» **EXERCISE DESCRIPTION**
In the records that follow, find the line containing "또한 카네이션 화분을" and the line containing "在这里如果需要使用无线功能,则要保证无线", then transcribe both and every line between them exactly, omitting pictures.

» **STUDY MATERIAL**
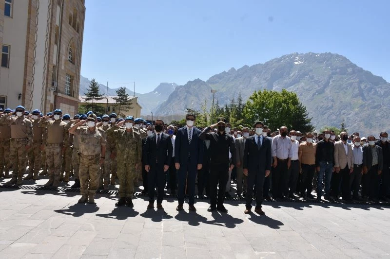 Hakkari Valiliği önündeki törende, İl Jandarma Komutanı Tuğgeneral Ahmet Kavukçu tarafından Atatürk Anıtı’na çelenk sunuldu. Saygı duruşunda bulunulması ve İstiklal Marşı’nın okunmasının ardından günün anlam ve önemine ilişkin konuşmanın yapılmasıyla tören sona erdi.
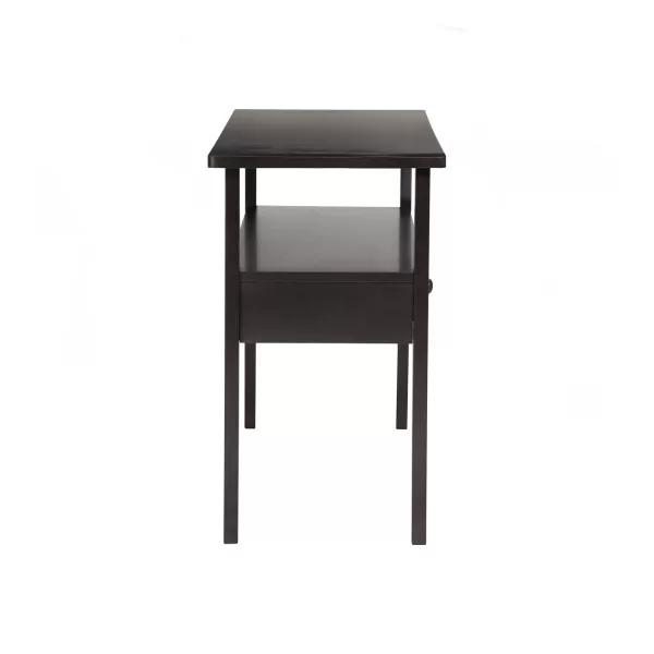 This console table offers a rich, elegant look with its dark chestnut finish and refined silhouette. The veneered top provides a smooth, durable surface, while the solid Malaysian oak legs ensure lasting stability. Perfect for entryways, living rooms, or behind sofas, it brings both function and timeless sophistication to any interior. |
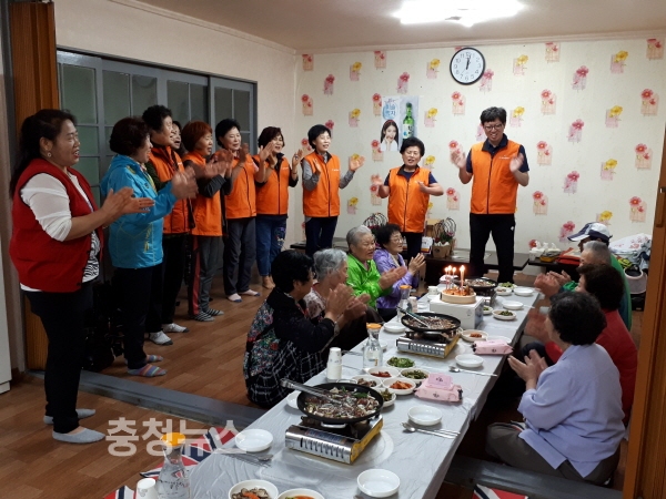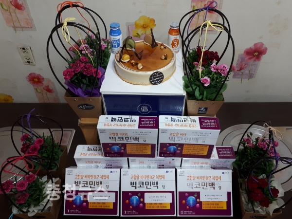 또한 카네이션 화분을 드리고, 건강보조식품도 챙겨드리며 어르신들의 건강을 기원했다. 참석한 한 노인은 “내 생일이 언제인지 기억조차 못하는데, 맛난 음식과 함께 생일을 같이 축하해주니 기쁠 따름”이라고 소감을 전했다.
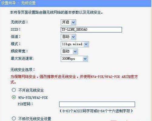 在这里如果需要使用无线功能,则要保证无线状态为开启,然后在ssid项目中,可以把无线信号名称修改成自己喜欢的名称,也可以使用默认名称,最后在安全选项中,先选中WPA-PSK/WPA2-PSK,然后在PSK密码输入框内输入密码,即无线信号的密码,当然也可以选择不设置密码。那样会造成别人蹭网行为,不建议不设置密码。
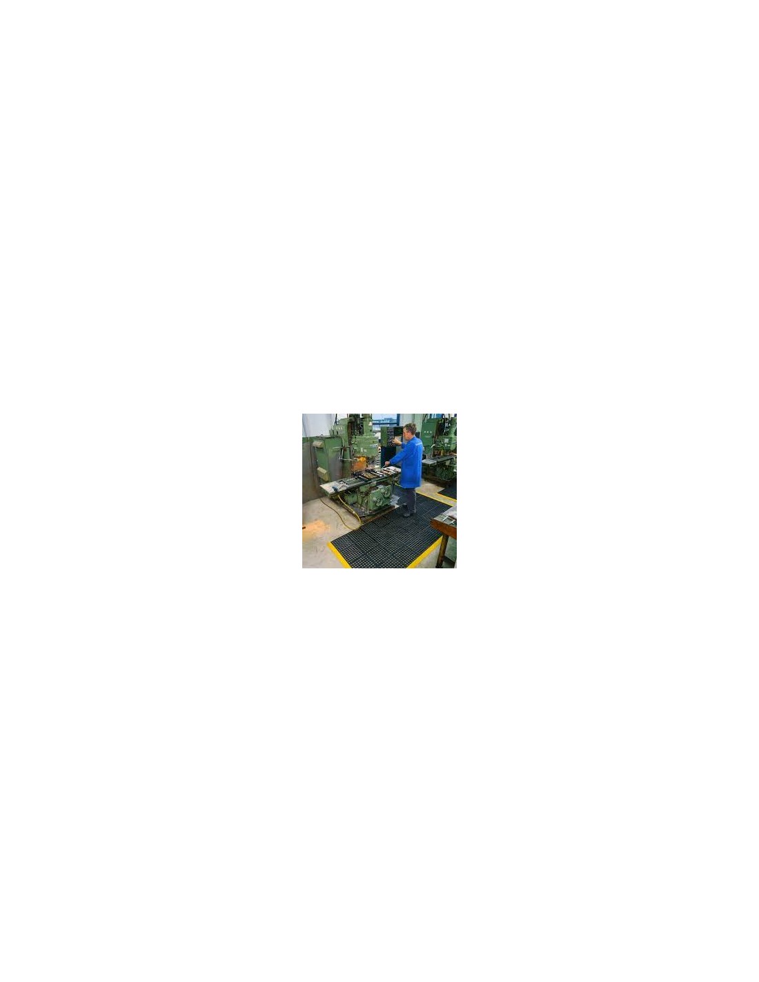 Alfombra para puesto de trabajo individual de alta calidad antifatiga, ideal para entornos industriales donde se necesita una alta resistencia. Las superficies de tamaño estándar para puestos individuales se colocan sobre el pavimento sin requerir instalación.
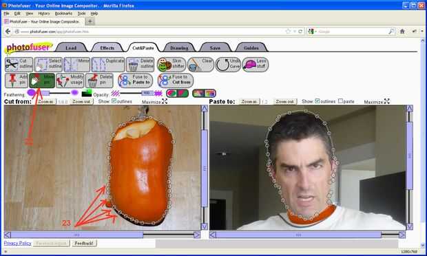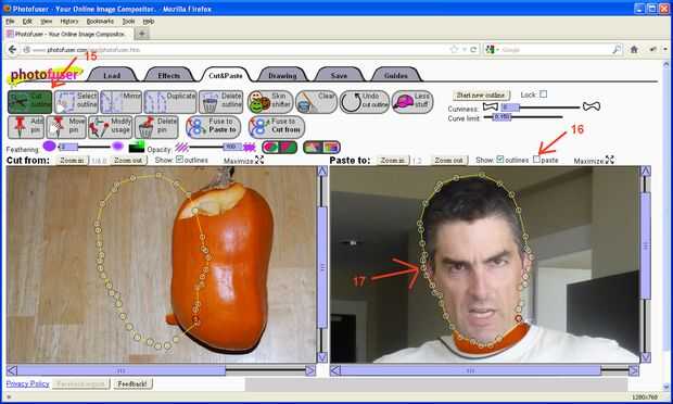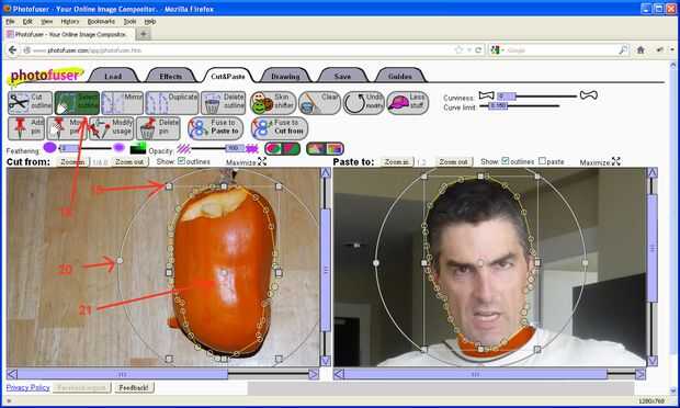 19,20,21: Coloque el contorno de la cabeza sobre la calabaza lo más cerca posible por reposición, rotación y escalado.
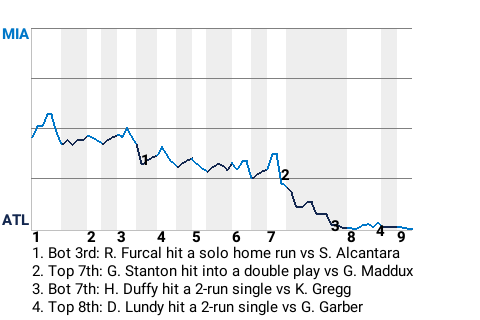 The Atlanta Braves topped the Miami Marlins, 6-2, with shortstop Rafael Furcal playing a big role. Furcal went 3-3 with a home run and 2 singles, while scoring 2 and driving in 2 for the Braves in the win. The last-place Braves now have a win-loss record of 26-35.
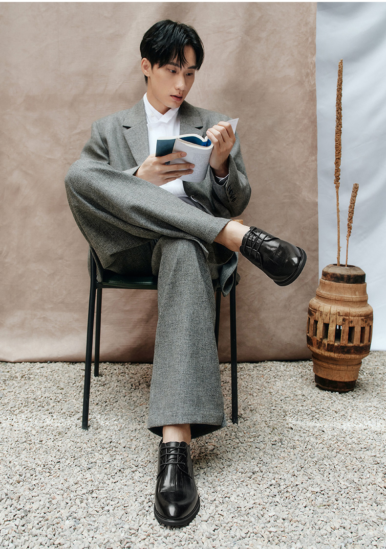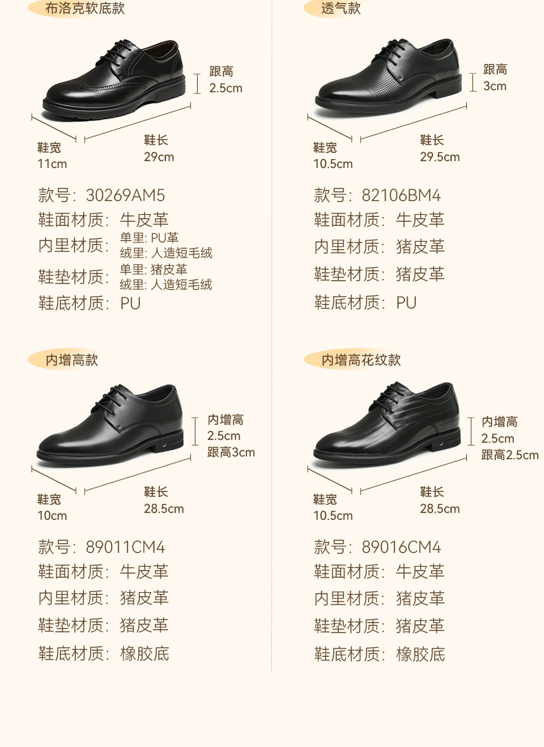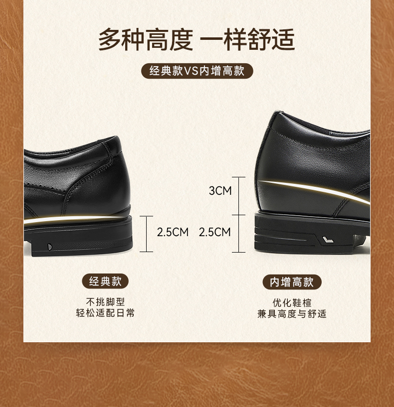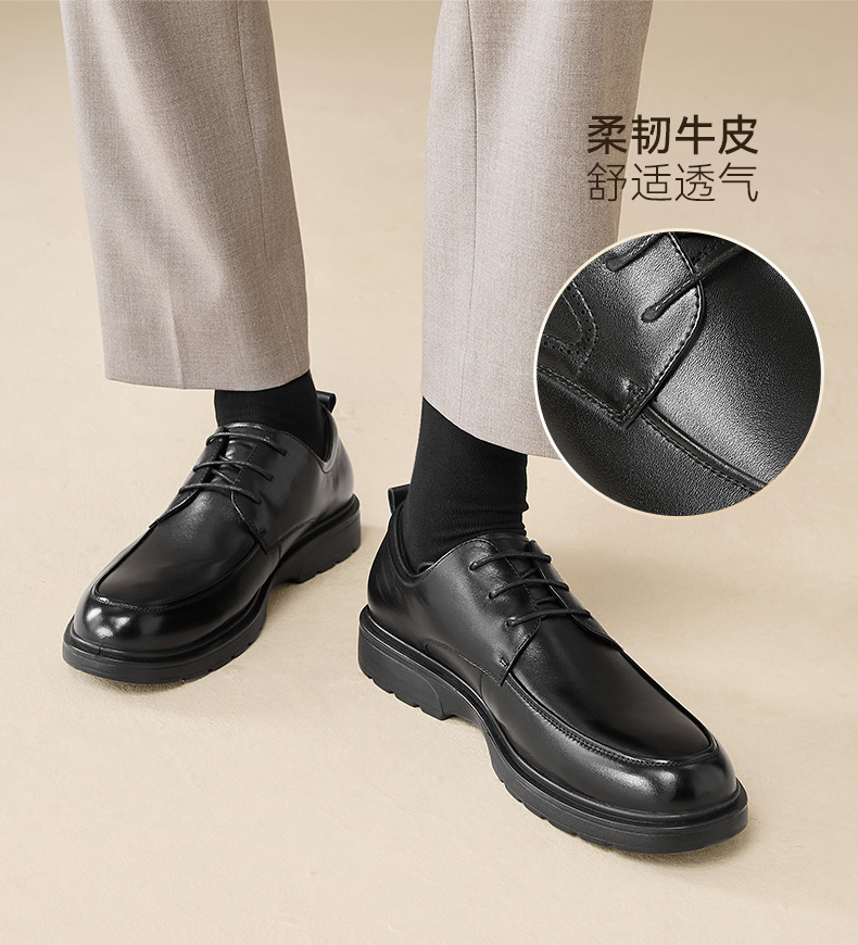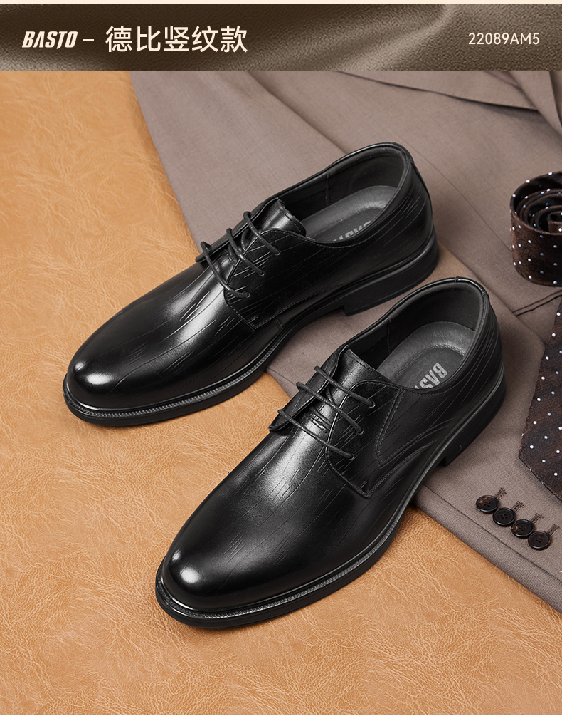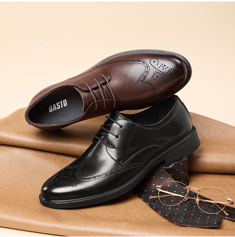 Bestu Winter Men's Leather Shoes with Fleece Lining, Height Increasing, Business Formal Oxford Leather Shoes, Groom Wedding Shoes 22043Am3
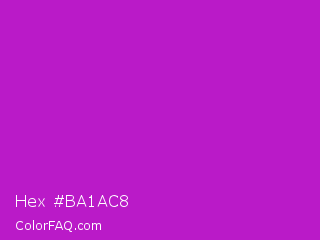Hex #ba1ac8 Color is a normal magenta color and the nearest color is Vivid Mulberry #b80ce3. Hex code #ba1ac8 and RGB value is rgb(186,26,200). In RGB color space, this color is composed of 73% red, 10% green, 78% blue, In CMYK color space, this color is composed of 7% cyan, 87% magenta, 0% yellow , 22% black , In HSL color space, this color has a hue angle of 295° , 77% saturation and 44% lightness.
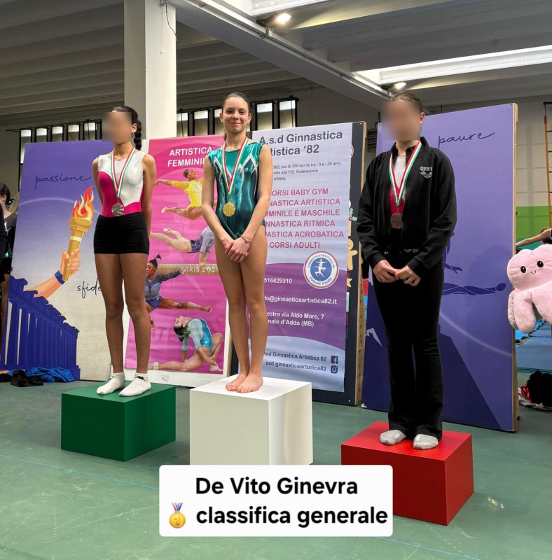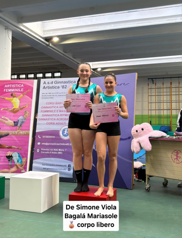 Ottime prove anche per Cecilia Ferrario e Greta Meloni (rispettivamente 1° e 3° nella classifica generale) e per Viola De Simone (3° posto alla trave e corpo libero) e Mariasole Bagalà (3° posto a volteggio e corpo libero)
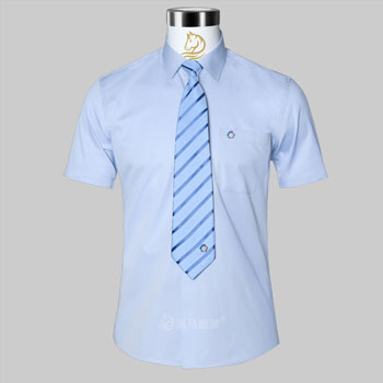 藍色標準領女士短袖襯衫
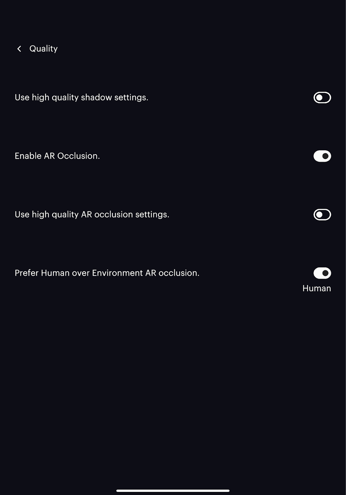 Prefer human over environment AR occlusion – with this option enabled, human occlusion of virtual objects will be prioritized over environment occlusion.
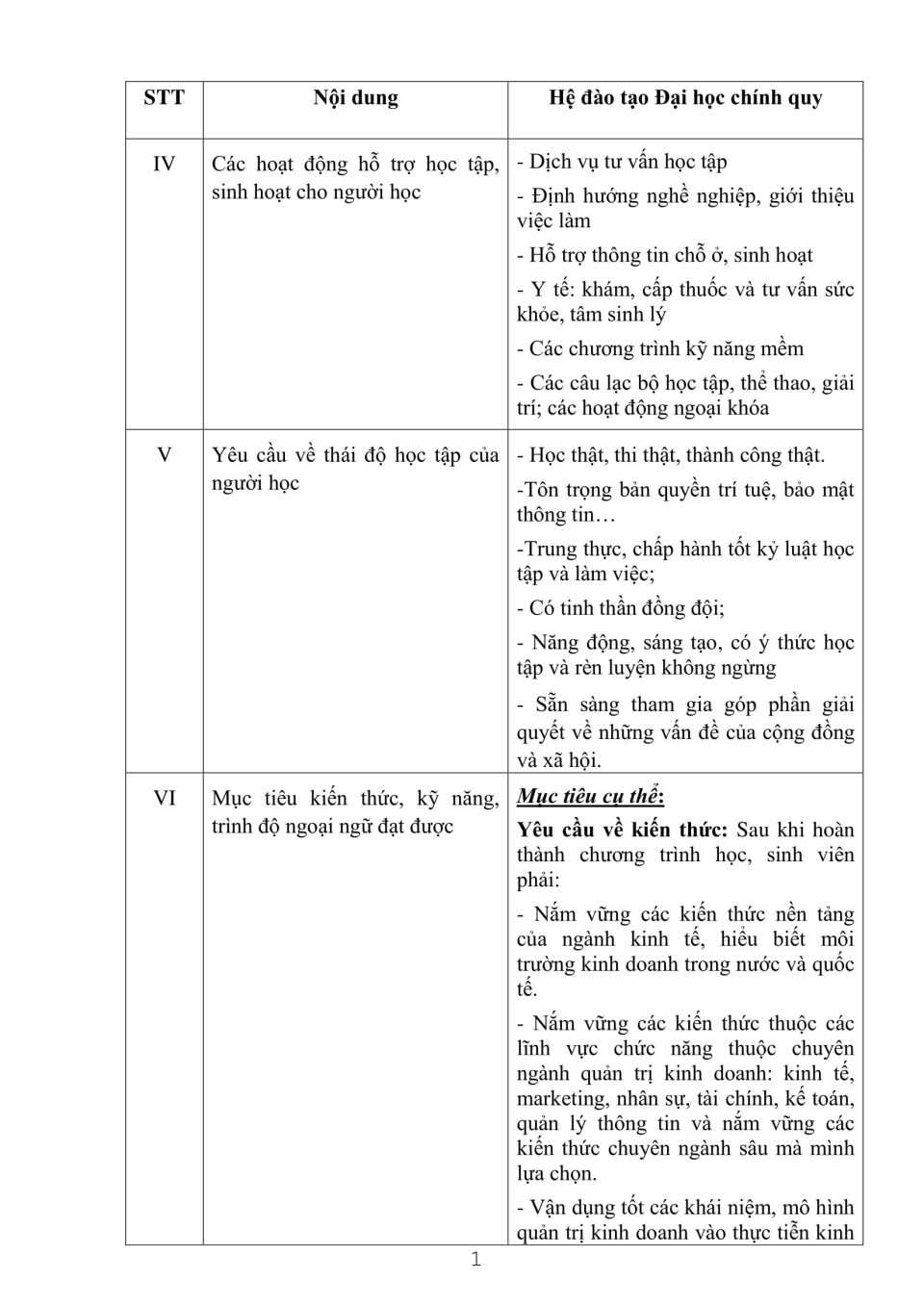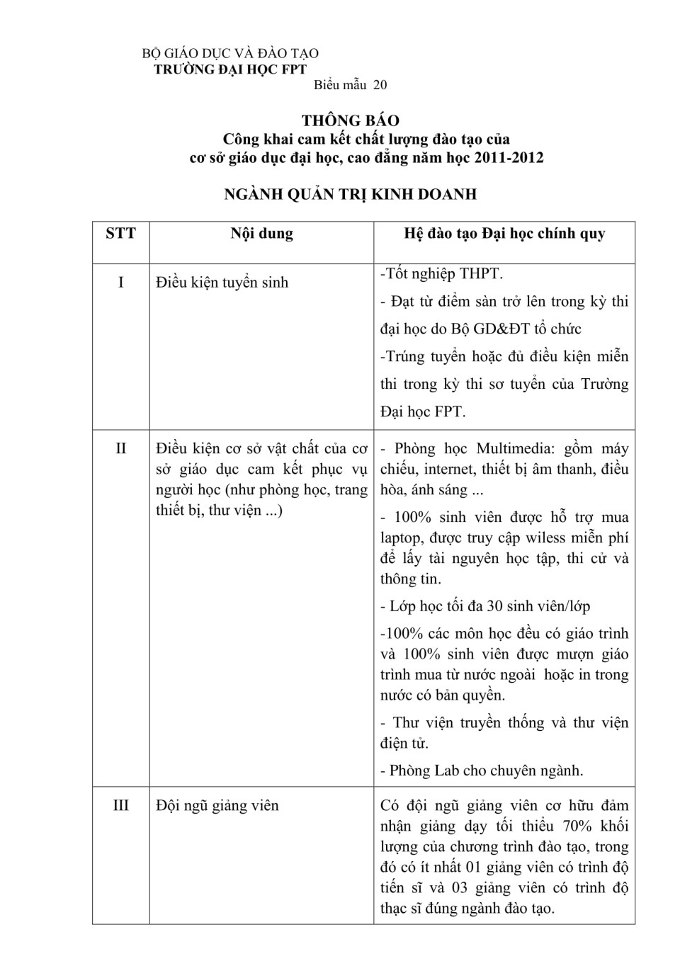 Công khai cam kết chất lượng đào tạo ngành Quản trị kinh doanh năm học 2011 - 2012

» **RESPONSE AREA**
 또한 카네이션 화분을 드리고, 건강보조식품도 챙겨드리며 어르신들의 건강을 기원했다. 참석한 한 노인은 “내 생일이 언제인지 기억조차 못하는데, 맛난 음식과 함께 생일을 같이 축하해주니 기쁠 따름”이라고 소감을 전했다.
 在这里如果需要使用无线功能,则要保证无线状态为开启,然后在ssid项目中,可以把无线信号名称修改成自己喜欢的名称,也可以使用默认名称,最后在安全选项中,先选中WPA-PSK/WPA2-PSK,然后在PSK密码输入框内输入密码,即无线信号的密码,当然也可以选择不设置密码。那样会造成别人蹭网行为,不建议不设置密码。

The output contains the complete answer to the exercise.